Instructions for the task
Starting with the line that holds "Andrés Bautista le", repeat each line through the last one below, exactly. Pictures stay out.

Data records
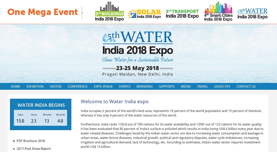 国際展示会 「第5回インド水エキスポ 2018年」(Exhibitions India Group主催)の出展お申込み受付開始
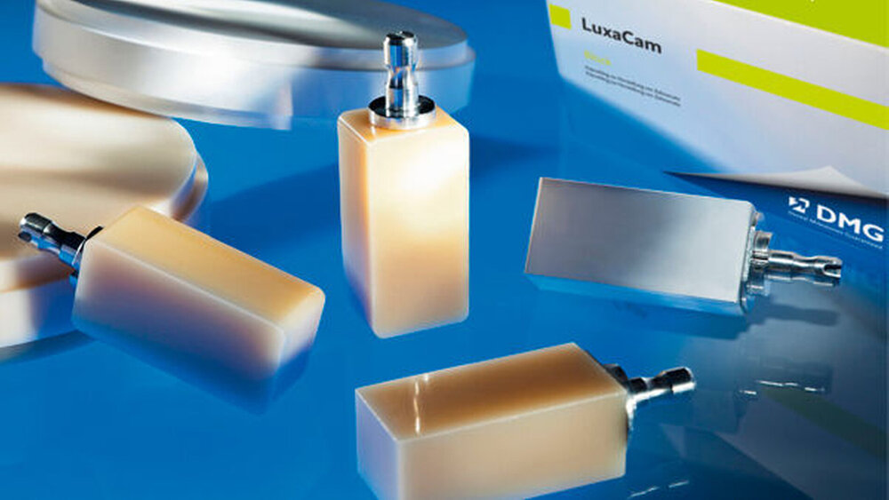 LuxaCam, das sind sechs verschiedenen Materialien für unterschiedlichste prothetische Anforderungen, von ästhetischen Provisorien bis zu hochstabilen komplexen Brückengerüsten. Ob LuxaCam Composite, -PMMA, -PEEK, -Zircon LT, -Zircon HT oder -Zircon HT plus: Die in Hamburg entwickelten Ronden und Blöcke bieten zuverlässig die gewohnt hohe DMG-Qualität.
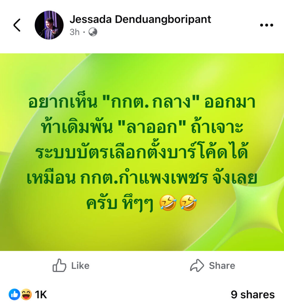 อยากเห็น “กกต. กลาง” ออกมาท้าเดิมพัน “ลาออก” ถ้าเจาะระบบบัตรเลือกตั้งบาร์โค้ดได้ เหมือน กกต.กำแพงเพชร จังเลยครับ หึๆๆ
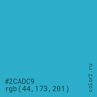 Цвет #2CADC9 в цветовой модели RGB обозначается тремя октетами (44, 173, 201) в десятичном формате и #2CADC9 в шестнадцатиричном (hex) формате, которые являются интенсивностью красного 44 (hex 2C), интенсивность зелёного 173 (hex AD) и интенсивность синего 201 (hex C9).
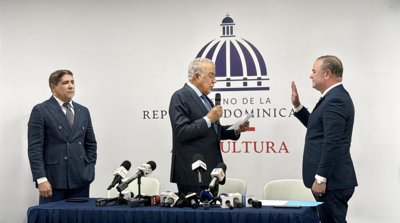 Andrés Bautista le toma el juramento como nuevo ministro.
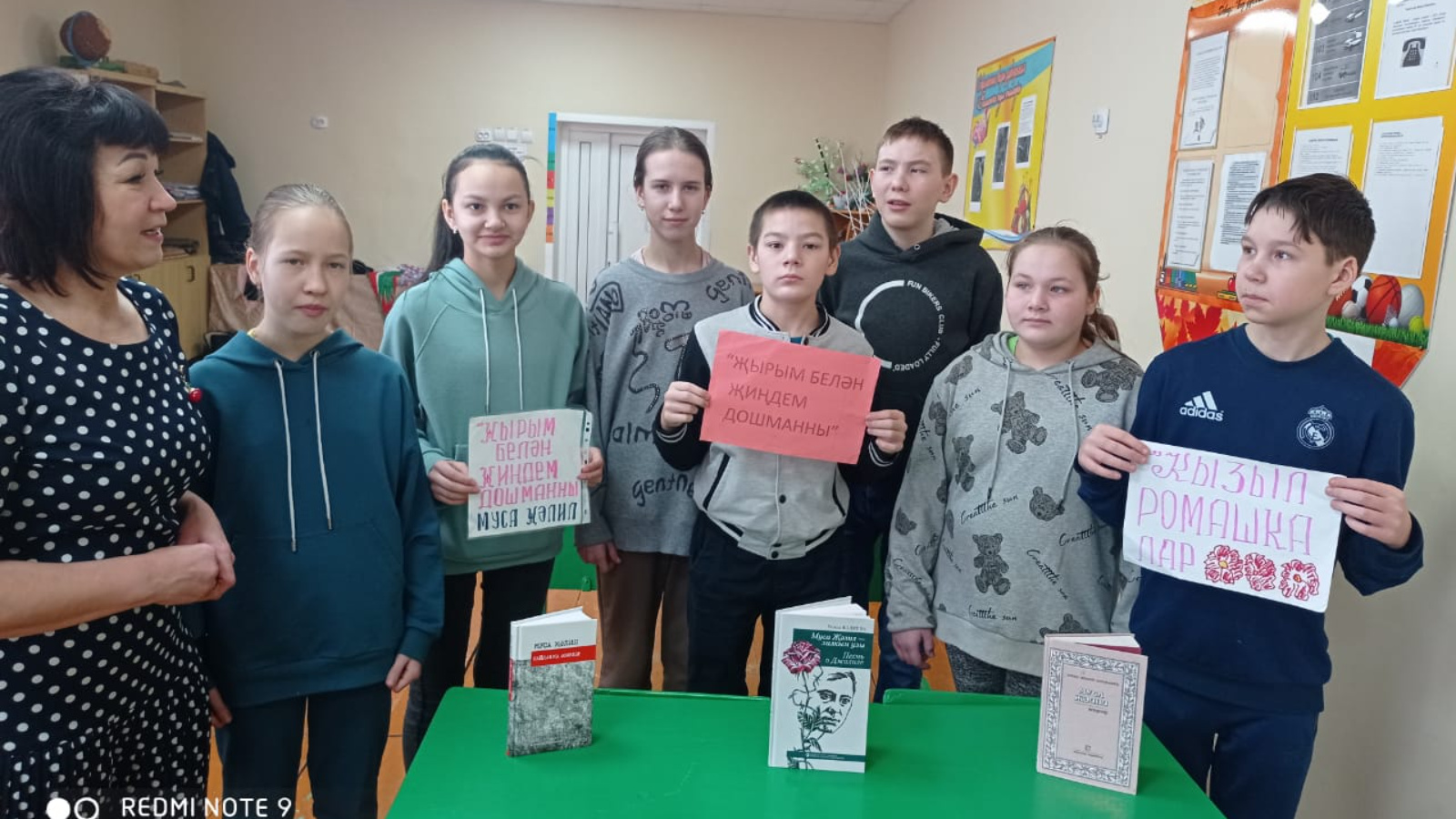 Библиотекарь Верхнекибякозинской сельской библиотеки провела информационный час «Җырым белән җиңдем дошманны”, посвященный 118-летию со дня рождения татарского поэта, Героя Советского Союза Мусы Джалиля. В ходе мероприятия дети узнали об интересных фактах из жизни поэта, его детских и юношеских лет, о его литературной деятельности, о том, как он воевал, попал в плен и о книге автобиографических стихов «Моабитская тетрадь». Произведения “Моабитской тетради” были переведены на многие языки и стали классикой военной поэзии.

Response
 Andrés Bautista le toma el juramento como nuevo ministro.
 Библиотекарь Верхнекибякозинской сельской библиотеки провела информационный час «Җырым белән җиңдем дошманны”, посвященный 118-летию со дня рождения татарского поэта, Героя Советского Союза Мусы Джалиля. В ходе мероприятия дети узнали об интересных фактах из жизни поэта, его детских и юношеских лет, о его литературной деятельности, о том, как он воевал, попал в плен и о книге автобиографических стихов «Моабитская тетрадь». Произведения “Моабитской тетради” были переведены на многие языки и стали классикой военной поэзии.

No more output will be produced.